Cell viability assay
Cells cultured in microtiter wells were pulsed with 25 μL of a 2.5 mg/mL MTT stock (Sigma-Aldrich) in PBS and incubated for 4 h. Subsequently, 100 μL of a solution containing 10% SDS and 0.01 N HCl was added, the plates were then incubated overnight, and absorption was read on a VICTOR 3 multilabel plate reader (PerkinElmer Life Sciences; reference/test wavelength 650/590 nm).

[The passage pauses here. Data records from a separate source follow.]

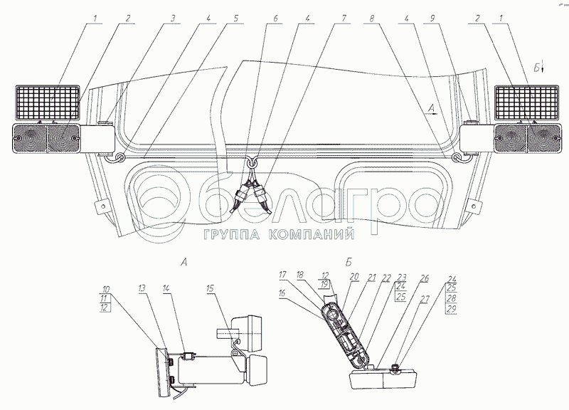 Каталог запасных частей к технике: МТЗ-920.4/952.4. Установка фонарей передних
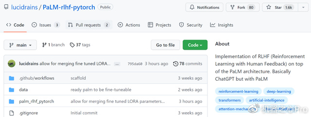 项目地址:https://github.com/lucidrains/PaLM-rlhf-pytorch
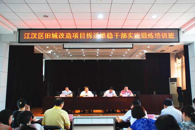 9月2日上午, 江汉区旧城改造项目拆迁维稳干部实践锻炼培训班在区委党校举行开班仪式。区委常委、区委组织部部长许华,区委组织部副部长、区考评办主任曾昳军,区委党校常务副校长范汉春、区城改办主任乔晓虹等领导出席了开班仪式。开班仪式由区委组织部副部长、区考评办主任曾昳军同志主持。
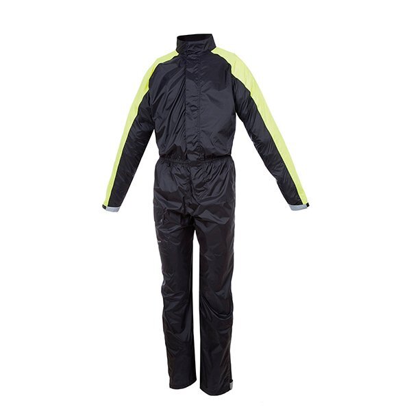 Tucano Urbano Tuta Nano Plus, een volledig waterdicht regenpak, gemaakt uit één stuk met klittenbandsluiting en een compacte draagtas. Reflecterende en contrasterende fluorescerende gele inzetstukken.

Test reagents were added to medium alone to provide a blank control.
Staurosporine-mediated apoptosis
Staurosporine (2 μmol/L; Sigma) was added to adherent cells in serum-containing media. 24 h later, the cells were analyzed by either an MTT assay, immunoblotting for caspase-3 activation, or activated caspase-3 ELISA (BioVision Milpitas, CA, USA). For the latter, 1 × 105 patient fibroblasts were plated per well in a 96 well plate, allowed to attach and exposed to +/− staurosporine for 24 h. Subsequently, they were lysed, incubated with DEVD-AFC substrate for 1 h at 37°C, and fluorescence was assessed using a plate reader with 400/505 nm excitation/emission filters.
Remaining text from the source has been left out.